═══ RECORDED INFORMATION ═══
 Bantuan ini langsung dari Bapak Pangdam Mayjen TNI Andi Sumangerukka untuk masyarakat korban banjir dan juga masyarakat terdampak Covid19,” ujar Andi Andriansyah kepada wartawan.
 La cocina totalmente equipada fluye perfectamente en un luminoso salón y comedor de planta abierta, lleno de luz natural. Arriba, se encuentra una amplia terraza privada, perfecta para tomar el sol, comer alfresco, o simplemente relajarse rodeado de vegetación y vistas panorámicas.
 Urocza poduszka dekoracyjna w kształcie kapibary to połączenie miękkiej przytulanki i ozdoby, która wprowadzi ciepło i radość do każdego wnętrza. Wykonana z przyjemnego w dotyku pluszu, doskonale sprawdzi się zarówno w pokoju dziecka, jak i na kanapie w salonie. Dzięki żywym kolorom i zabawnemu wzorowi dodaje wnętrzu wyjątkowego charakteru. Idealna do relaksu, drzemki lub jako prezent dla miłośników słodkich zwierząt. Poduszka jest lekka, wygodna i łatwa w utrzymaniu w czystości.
═══
═══ RECORDED INFORMATION ═══
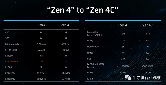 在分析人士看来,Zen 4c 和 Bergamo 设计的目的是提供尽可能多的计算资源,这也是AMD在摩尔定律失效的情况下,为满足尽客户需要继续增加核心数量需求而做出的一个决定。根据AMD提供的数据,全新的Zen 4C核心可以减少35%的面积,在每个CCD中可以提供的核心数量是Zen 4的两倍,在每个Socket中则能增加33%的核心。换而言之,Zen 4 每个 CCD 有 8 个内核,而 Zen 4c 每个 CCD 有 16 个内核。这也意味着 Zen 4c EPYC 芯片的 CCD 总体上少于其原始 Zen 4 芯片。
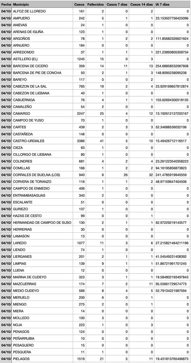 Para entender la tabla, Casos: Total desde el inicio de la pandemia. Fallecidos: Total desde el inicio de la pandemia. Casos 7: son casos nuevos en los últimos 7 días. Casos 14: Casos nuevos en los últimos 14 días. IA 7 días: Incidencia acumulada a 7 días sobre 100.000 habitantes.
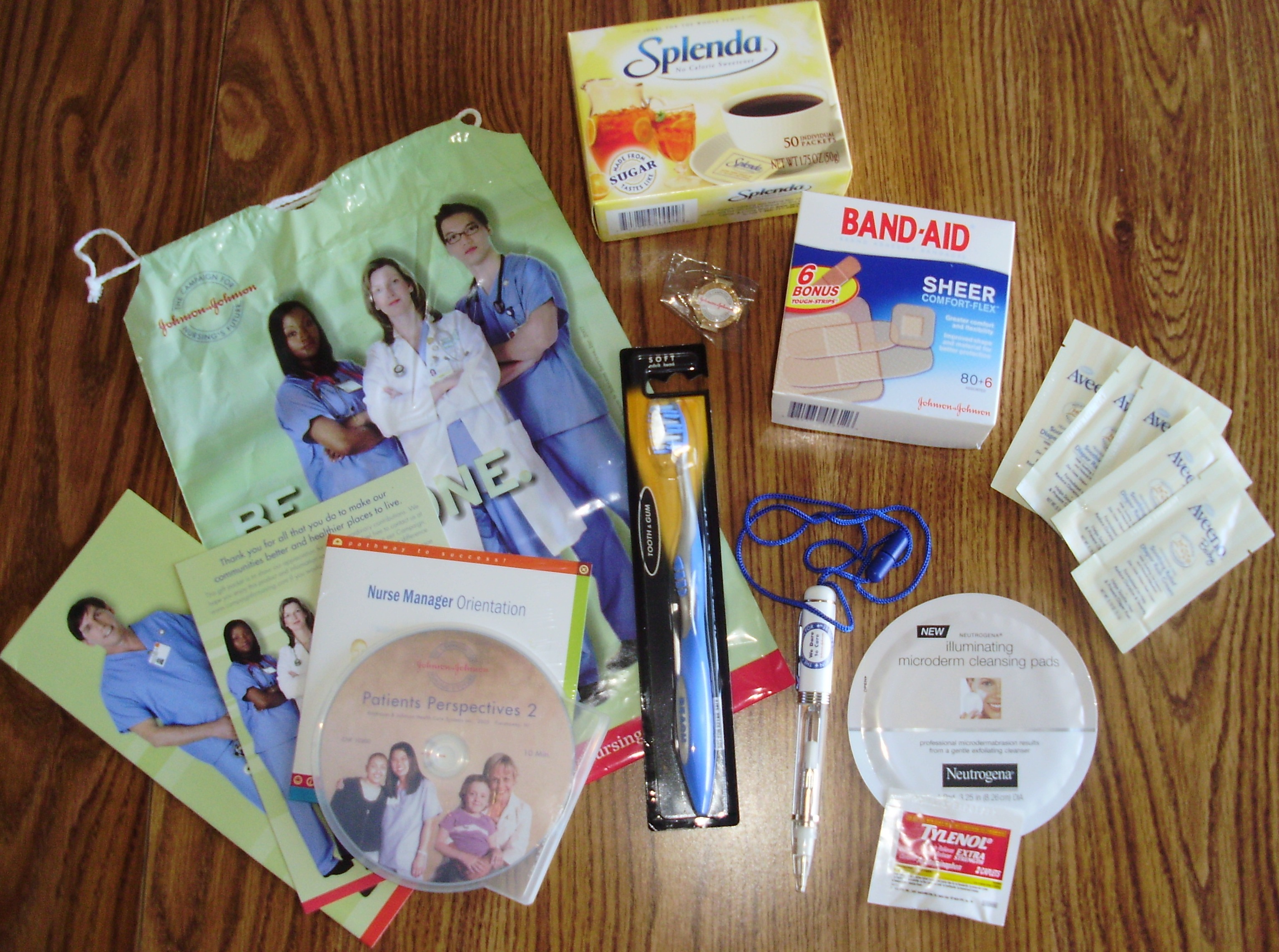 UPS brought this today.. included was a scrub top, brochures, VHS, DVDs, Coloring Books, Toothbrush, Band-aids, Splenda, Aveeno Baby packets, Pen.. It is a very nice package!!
═══
Looking above, find the stretch of lines that opens with the one holding "在分析人士看来,Zen 4c 和" and closes with the one holding "UPS brought this". Copy it exactly, pictures excluded.

## ANSWER SECTION
 在分析人士看来,Zen 4c 和 Bergamo 设计的目的是提供尽可能多的计算资源,这也是AMD在摩尔定律失效的情况下,为满足尽客户需要继续增加核心数量需求而做出的一个决定。根据AMD提供的数据,全新的Zen 4C核心可以减少35%的面积,在每个CCD中可以提供的核心数量是Zen 4的两倍,在每个Socket中则能增加33%的核心。换而言之,Zen 4 每个 CCD 有 8 个内核,而 Zen 4c 每个 CCD 有 16 个内核。这也意味着 Zen 4c EPYC 芯片的 CCD 总体上少于其原始 Zen 4 芯片。
 Para entender la tabla, Casos: Total desde el inicio de la pandemia. Fallecidos: Total desde el inicio de la pandemia. Casos 7: son casos nuevos en los últimos 7 días. Casos 14: Casos nuevos en los últimos 14 días. IA 7 días: Incidencia acumulada a 7 días sobre 100.000 habitantes.
 UPS brought this today.. included was a scrub top, brochures, VHS, DVDs, Coloring Books, Toothbrush, Band-aids, Splenda, Aveeno Baby packets, Pen.. It is a very nice package!!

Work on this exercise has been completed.